### Your objective
The whole listing should be retyped word for word, apart from the pictures it holds.

*** Opening of Dataset extract ***

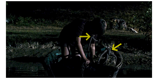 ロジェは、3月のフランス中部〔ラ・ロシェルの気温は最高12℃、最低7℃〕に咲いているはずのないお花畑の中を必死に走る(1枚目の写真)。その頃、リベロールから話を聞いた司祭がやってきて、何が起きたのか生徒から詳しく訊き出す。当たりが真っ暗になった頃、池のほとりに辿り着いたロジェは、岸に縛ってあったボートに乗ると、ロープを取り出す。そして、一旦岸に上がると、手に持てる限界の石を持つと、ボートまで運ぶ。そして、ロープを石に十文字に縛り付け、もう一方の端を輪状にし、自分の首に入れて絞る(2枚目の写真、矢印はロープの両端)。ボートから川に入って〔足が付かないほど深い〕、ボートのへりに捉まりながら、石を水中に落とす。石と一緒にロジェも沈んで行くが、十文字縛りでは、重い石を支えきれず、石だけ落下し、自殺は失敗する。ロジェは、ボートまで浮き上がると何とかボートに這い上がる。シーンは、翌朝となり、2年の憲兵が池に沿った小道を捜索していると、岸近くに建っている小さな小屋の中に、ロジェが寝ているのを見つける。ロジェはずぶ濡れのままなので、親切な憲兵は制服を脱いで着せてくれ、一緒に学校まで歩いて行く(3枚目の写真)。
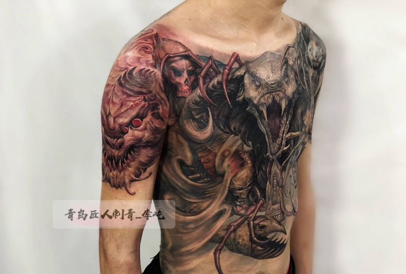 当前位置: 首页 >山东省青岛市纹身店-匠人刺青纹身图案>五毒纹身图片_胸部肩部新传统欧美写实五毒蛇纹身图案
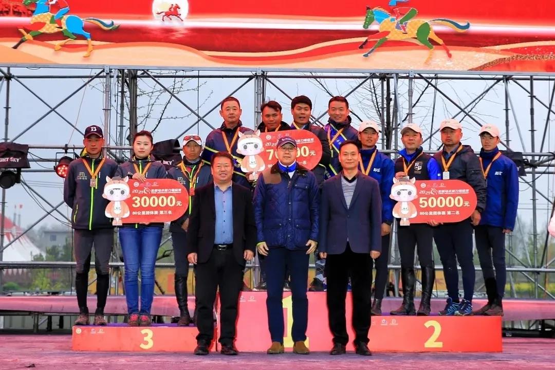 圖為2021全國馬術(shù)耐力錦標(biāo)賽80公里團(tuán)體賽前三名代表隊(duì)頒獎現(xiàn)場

*** Close of Dataset extract ***

### Result for this exercise
 ロジェは、3月のフランス中部〔ラ・ロシェルの気温は最高12℃、最低7℃〕に咲いているはずのないお花畑の中を必死に走る(1枚目の写真)。その頃、リベロールから話を聞いた司祭がやってきて、何が起きたのか生徒から詳しく訊き出す。当たりが真っ暗になった頃、池のほとりに辿り着いたロジェは、岸に縛ってあったボートに乗ると、ロープを取り出す。そして、一旦岸に上がると、手に持てる限界の石を持つと、ボートまで運ぶ。そして、ロープを石に十文字に縛り付け、もう一方の端を輪状にし、自分の首に入れて絞る(2枚目の写真、矢印はロープの両端)。ボートから川に入って〔足が付かないほど深い〕、ボートのへりに捉まりながら、石を水中に落とす。石と一緒にロジェも沈んで行くが、十文字縛りでは、重い石を支えきれず、石だけ落下し、自殺は失敗する。ロジェは、ボートまで浮き上がると何とかボートに這い上がる。シーンは、翌朝となり、2年の憲兵が池に沿った小道を捜索していると、岸近くに建っている小さな小屋の中に、ロジェが寝ているのを見つける。ロジェはずぶ濡れのままなので、親切な憲兵は制服を脱いで着せてくれ、一緒に学校まで歩いて行く(3枚目の写真)。
 当前位置: 首页 >山东省青岛市纹身店-匠人刺青纹身图案>五毒纹身图片_胸部肩部新传统欧美写实五毒蛇纹身图案
 圖為2021全國馬術(shù)耐力錦標(biāo)賽80公里團(tuán)體賽前三名代表隊(duì)頒獎現(xiàn)場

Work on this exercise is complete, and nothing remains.